== Segment start ==
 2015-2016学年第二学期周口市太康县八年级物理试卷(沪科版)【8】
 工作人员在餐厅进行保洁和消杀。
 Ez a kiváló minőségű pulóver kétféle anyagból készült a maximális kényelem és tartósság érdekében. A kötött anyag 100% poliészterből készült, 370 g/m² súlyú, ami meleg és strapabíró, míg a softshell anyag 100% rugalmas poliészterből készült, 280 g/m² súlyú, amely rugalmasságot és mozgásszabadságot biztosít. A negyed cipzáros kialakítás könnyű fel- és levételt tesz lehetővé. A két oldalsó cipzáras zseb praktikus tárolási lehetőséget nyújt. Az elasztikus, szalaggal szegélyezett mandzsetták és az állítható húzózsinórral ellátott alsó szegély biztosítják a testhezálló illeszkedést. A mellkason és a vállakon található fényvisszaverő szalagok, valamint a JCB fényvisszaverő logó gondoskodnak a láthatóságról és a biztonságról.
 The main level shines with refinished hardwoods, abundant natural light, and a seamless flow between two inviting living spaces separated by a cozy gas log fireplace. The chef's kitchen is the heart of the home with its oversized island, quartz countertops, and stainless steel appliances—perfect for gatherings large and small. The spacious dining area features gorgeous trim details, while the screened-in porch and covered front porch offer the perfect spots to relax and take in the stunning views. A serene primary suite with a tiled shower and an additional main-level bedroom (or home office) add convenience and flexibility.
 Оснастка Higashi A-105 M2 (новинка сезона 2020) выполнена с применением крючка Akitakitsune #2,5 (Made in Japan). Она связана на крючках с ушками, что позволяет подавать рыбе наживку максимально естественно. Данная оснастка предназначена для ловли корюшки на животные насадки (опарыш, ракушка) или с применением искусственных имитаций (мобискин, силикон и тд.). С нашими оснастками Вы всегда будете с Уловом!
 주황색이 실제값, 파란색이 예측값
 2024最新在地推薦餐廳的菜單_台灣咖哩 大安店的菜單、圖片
== Segment end ==
== Segment start ==
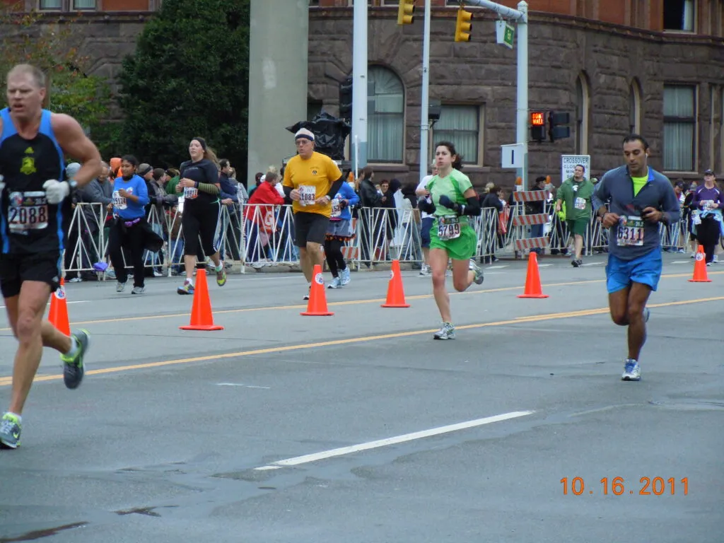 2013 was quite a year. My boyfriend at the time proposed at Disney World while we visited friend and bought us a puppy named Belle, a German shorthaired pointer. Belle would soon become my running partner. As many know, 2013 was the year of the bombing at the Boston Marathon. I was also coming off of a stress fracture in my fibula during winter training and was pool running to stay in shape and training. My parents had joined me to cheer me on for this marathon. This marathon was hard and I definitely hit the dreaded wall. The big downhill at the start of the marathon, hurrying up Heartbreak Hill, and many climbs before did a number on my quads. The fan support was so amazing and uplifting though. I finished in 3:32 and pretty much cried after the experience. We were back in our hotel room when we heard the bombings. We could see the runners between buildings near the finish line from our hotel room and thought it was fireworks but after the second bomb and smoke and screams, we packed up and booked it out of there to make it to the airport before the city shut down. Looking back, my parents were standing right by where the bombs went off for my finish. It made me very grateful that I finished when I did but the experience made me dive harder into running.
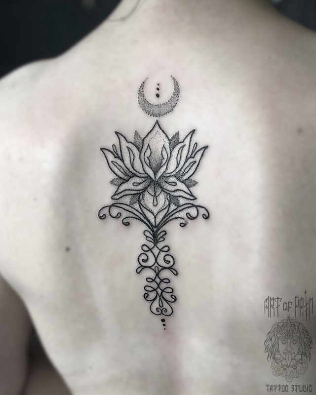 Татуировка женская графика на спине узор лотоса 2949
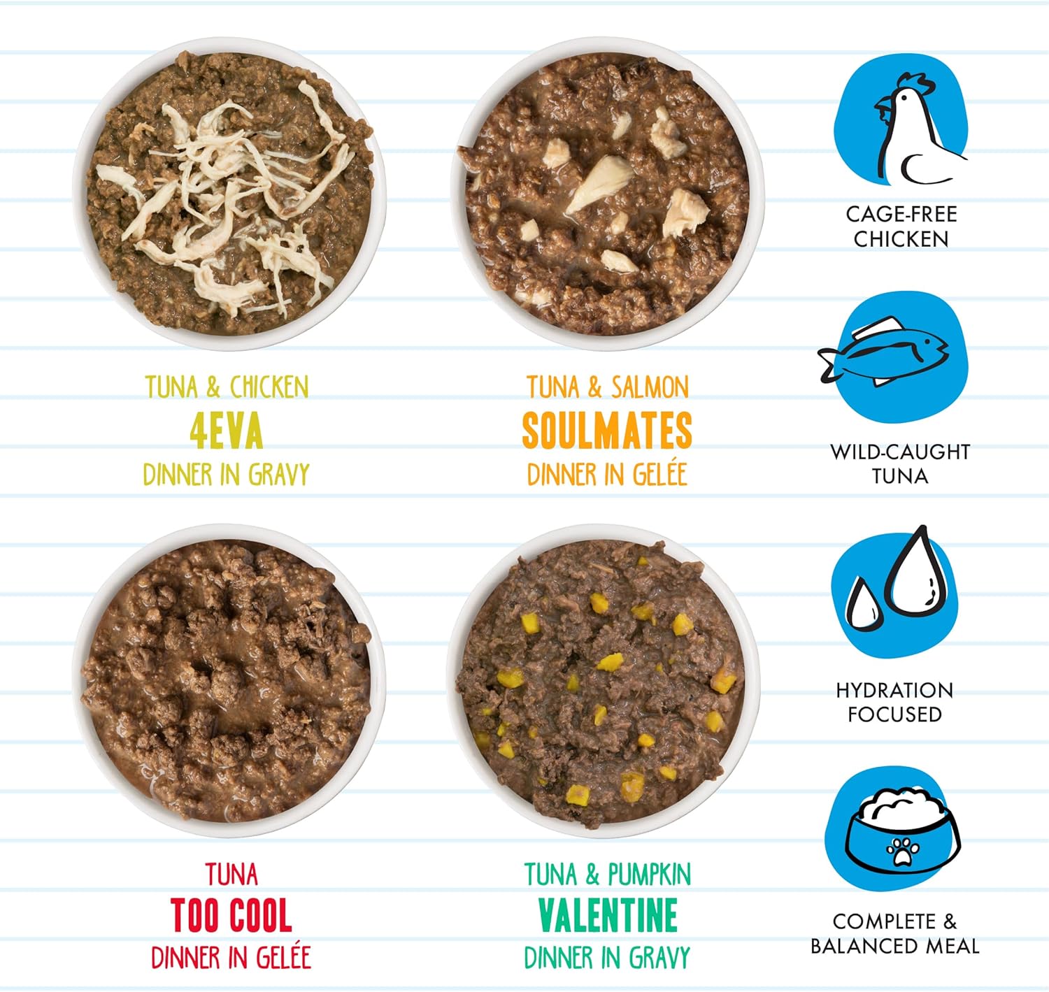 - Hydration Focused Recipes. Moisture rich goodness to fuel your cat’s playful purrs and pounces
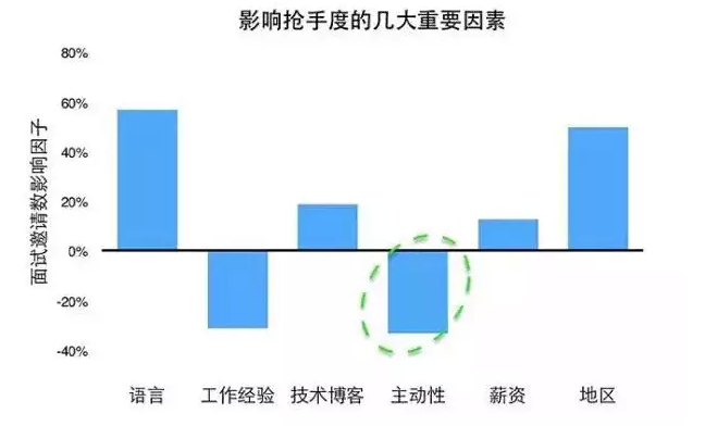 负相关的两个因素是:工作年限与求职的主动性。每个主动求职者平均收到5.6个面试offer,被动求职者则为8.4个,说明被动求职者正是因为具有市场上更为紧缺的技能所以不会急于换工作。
== Segment end ==
**REQUIREMENT**
In the records above, copy exactly everything from the line that has "- Hydration Focused" down to the line that has "负相关的两个因素是:工作年限", both ends included, and leave out the pictures.

**SOLUTION TO THIS TASK**
 - Hydration Focused Recipes. Moisture rich goodness to fuel your cat’s playful purrs and pounces
 负相关的两个因素是:工作年限与求职的主动性。每个主动求职者平均收到5.6个面试offer,被动求职者则为8.4个,说明被动求职者正是因为具有市场上更为紧缺的技能所以不会急于换工作。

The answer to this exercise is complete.